TASK TO CARRY OUT —
Below are entries; copy exactly, and only, the lines from the one containing "Adjustable & charming!! πΏπβ€οΈ" through their final line, leaving out pictures.
[[ EXCERPTED RECORDS open ]]
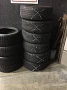 お仕事を終え、廃タイヤとして処理を待つ タイヤ達が積み上がっております。 冬季はお客様のタイヤもお預かりする(有料保管サービス) そんな時期ですので、間違いのないように 廃タイヤとなる物には しるし を付けます。 その際 X印をチョークで記します。 それで、廃タイヤであることを、ダブル...
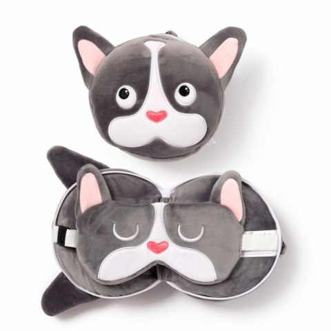 Egy igazi francia bulldog rajongónak tökéletes ajándék ez a plüss utazópárna szemmaszkkal. Puha, kényelmes, prémium anyagból készült.
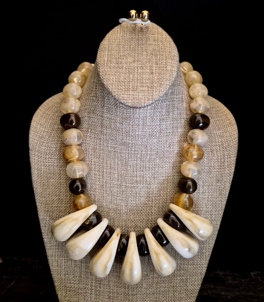... marbled brown & beige necklace set. Adjustable & charming!! πΏπβ€οΈ
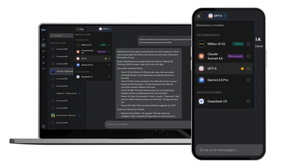 A Million IA é um sistema com agentes de IA que criam produtos digitais completos pra você, do zero, em minutos. Ela monta sua oferta, copy, páginas e estrutura de vendas com base no seu nicho e objetivo, mesmo se você for iniciante. Você escolhe o que quer e a IA executa cada etapa automaticamente, 24/7. O resultado é um funil pronto pra vender no digital com menos esforço e mais velocidade.
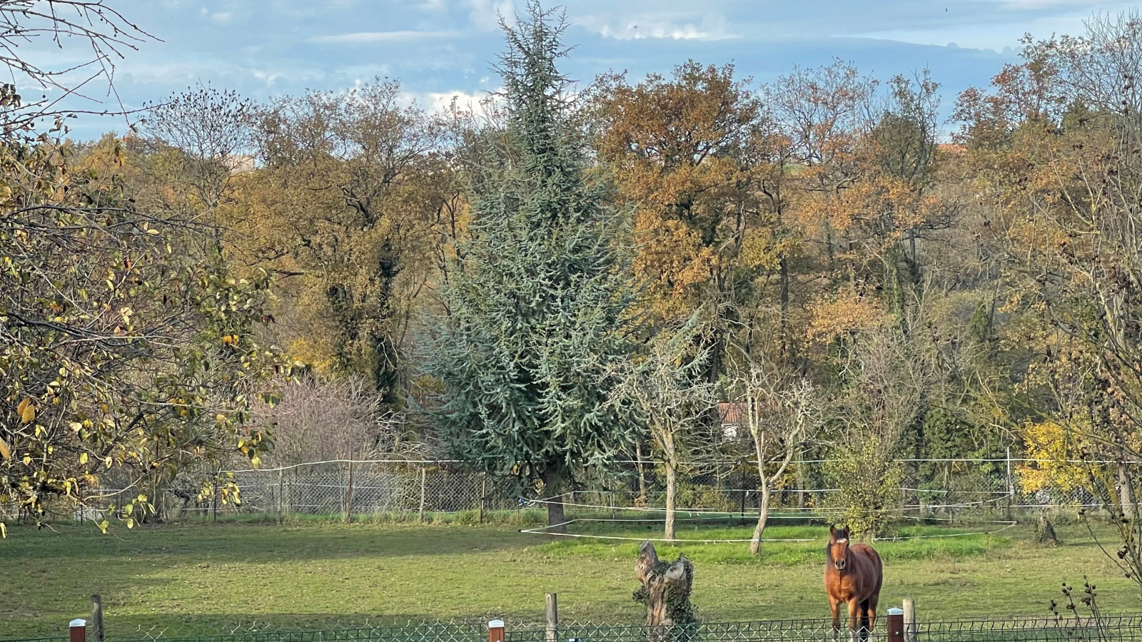 Charmant jardin plat, clos, arboré (figuiers, pins..), offrant une vue dégagée sur les Monts du Lyonnais. Terrain constructible.
[[ EXCERPTED RECORDS closed ]]
RESULT BELOW —
... marbled brown & beige necklace set. Adjustable & charming!! πΏπβ€οΈ
 A Million IA é um sistema com agentes de IA que criam produtos digitais completos pra você, do zero, em minutos. Ela monta sua oferta, copy, páginas e estrutura de vendas com base no seu nicho e objetivo, mesmo se você for iniciante. Você escolhe o que quer e a IA executa cada etapa automaticamente, 24/7. O resultado é um funil pronto pra vender no digital com menos esforço e mais velocidade.
 Charmant jardin plat, clos, arboré (figuiers, pins..), offrant une vue dégagée sur les Monts du Lyonnais. Terrain constructible.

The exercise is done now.